### PROVIDED RECORDS
######
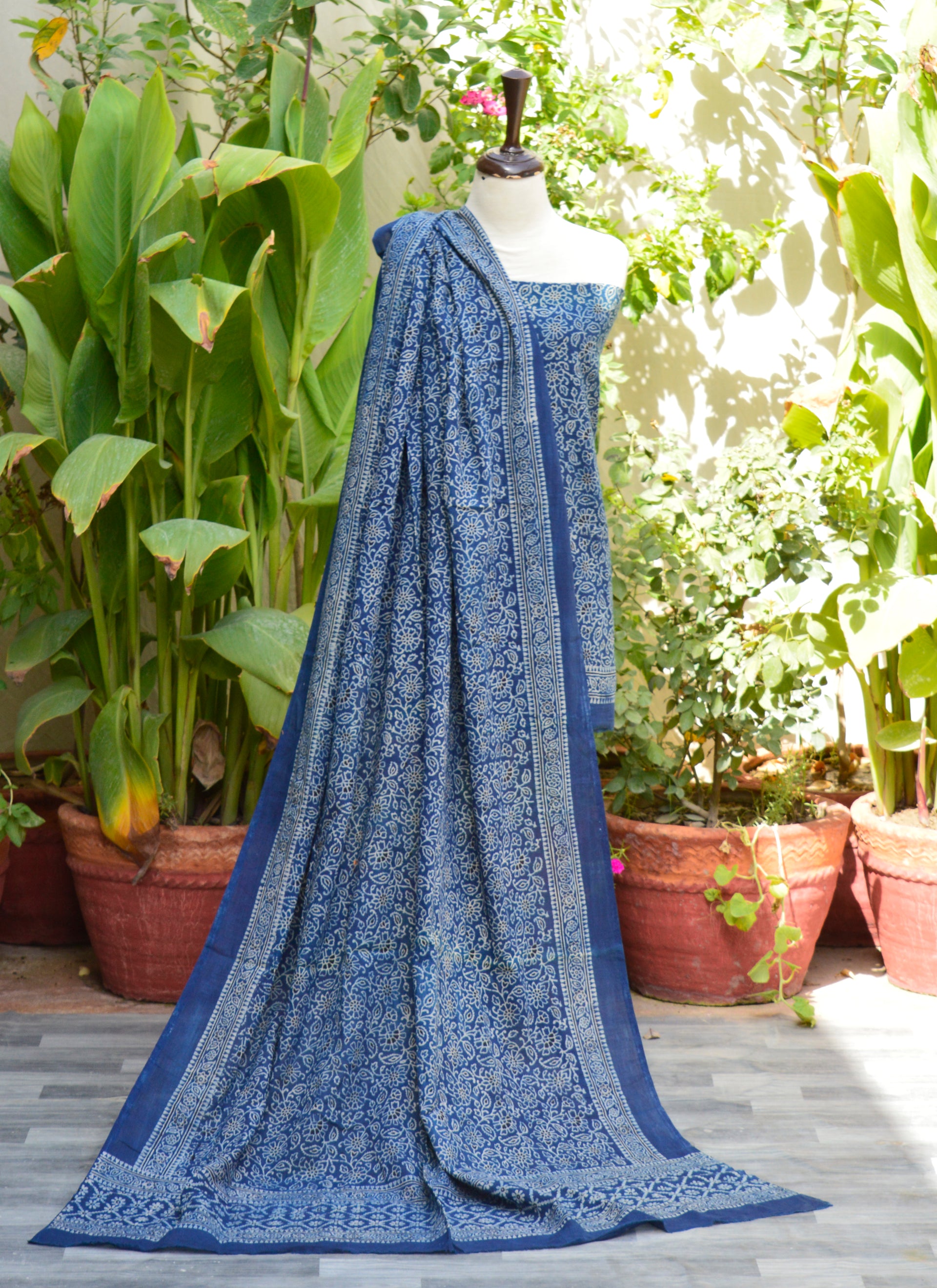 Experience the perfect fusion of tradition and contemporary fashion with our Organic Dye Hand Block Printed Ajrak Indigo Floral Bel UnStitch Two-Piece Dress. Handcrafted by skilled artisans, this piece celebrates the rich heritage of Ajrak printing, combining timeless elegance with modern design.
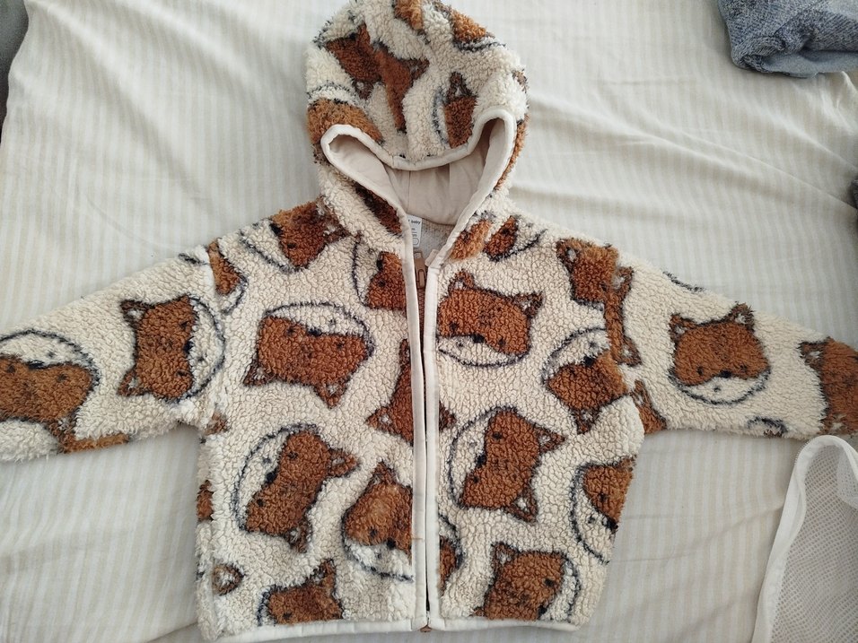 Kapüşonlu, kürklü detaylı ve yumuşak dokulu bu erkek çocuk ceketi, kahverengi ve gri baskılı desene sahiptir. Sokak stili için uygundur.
######
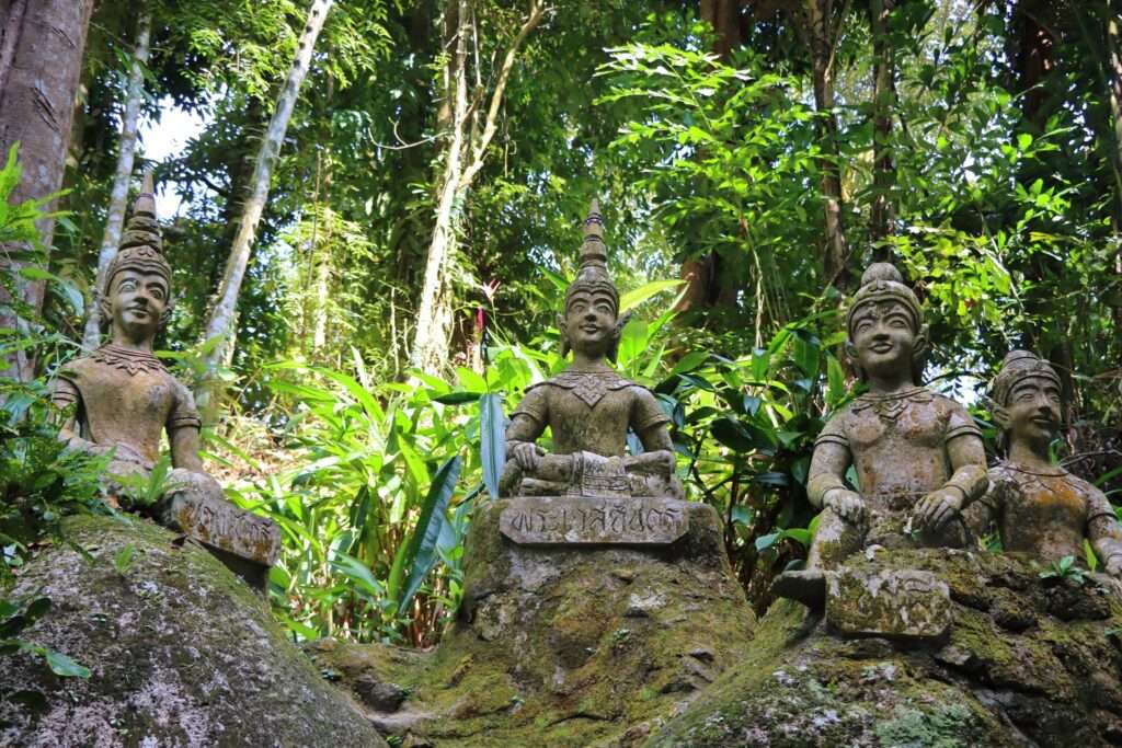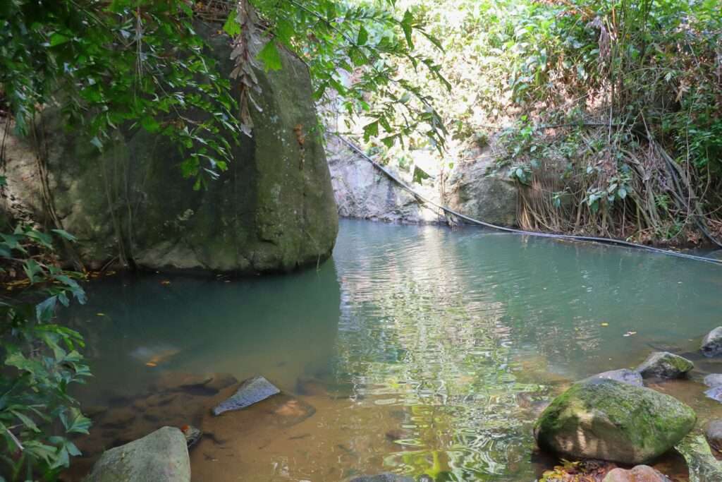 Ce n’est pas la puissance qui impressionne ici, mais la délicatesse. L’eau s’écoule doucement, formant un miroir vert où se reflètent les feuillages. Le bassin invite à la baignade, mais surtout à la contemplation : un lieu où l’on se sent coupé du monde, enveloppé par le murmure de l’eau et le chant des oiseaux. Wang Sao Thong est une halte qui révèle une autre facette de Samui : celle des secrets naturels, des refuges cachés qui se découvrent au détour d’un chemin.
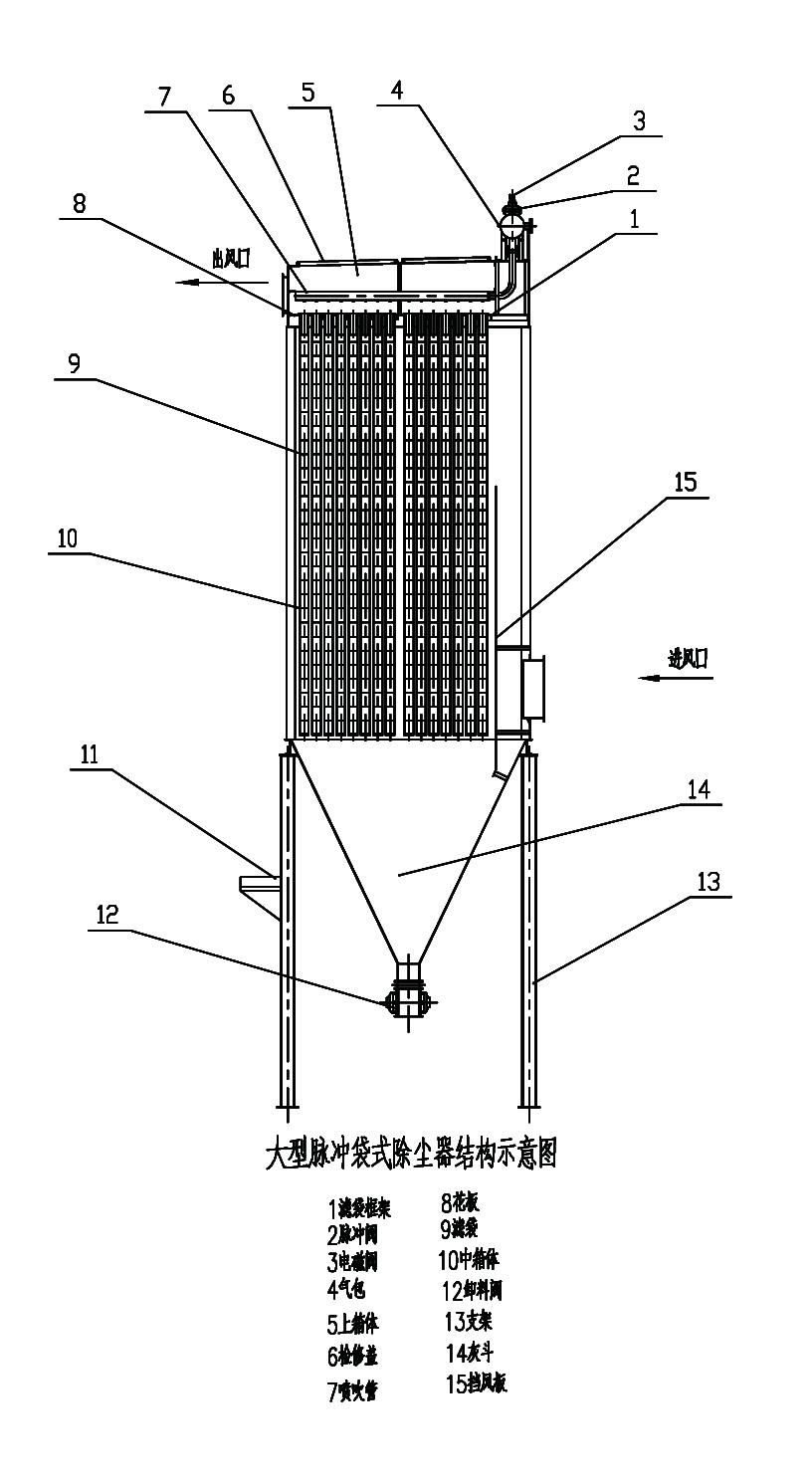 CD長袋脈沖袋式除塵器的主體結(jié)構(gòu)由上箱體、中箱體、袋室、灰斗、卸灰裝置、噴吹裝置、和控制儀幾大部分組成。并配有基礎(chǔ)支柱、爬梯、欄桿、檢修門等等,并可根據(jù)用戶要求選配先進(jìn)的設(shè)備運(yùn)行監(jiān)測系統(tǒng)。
######
With the pictures removed from your copy, retype the lines above from the one that contains "Experience the perfect" through the one that contains "Kapüşonlu, kürklü detaylı", exactly.

### TASK OUTPUT
 Experience the perfect fusion of tradition and contemporary fashion with our Organic Dye Hand Block Printed Ajrak Indigo Floral Bel UnStitch Two-Piece Dress. Handcrafted by skilled artisans, this piece celebrates the rich heritage of Ajrak printing, combining timeless elegance with modern design.
 Kapüşonlu, kürklü detaylı ve yumuşak dokulu bu erkek çocuk ceketi, kahverengi ve gri baskılı desene sahiptir. Sokak stili için uygundur.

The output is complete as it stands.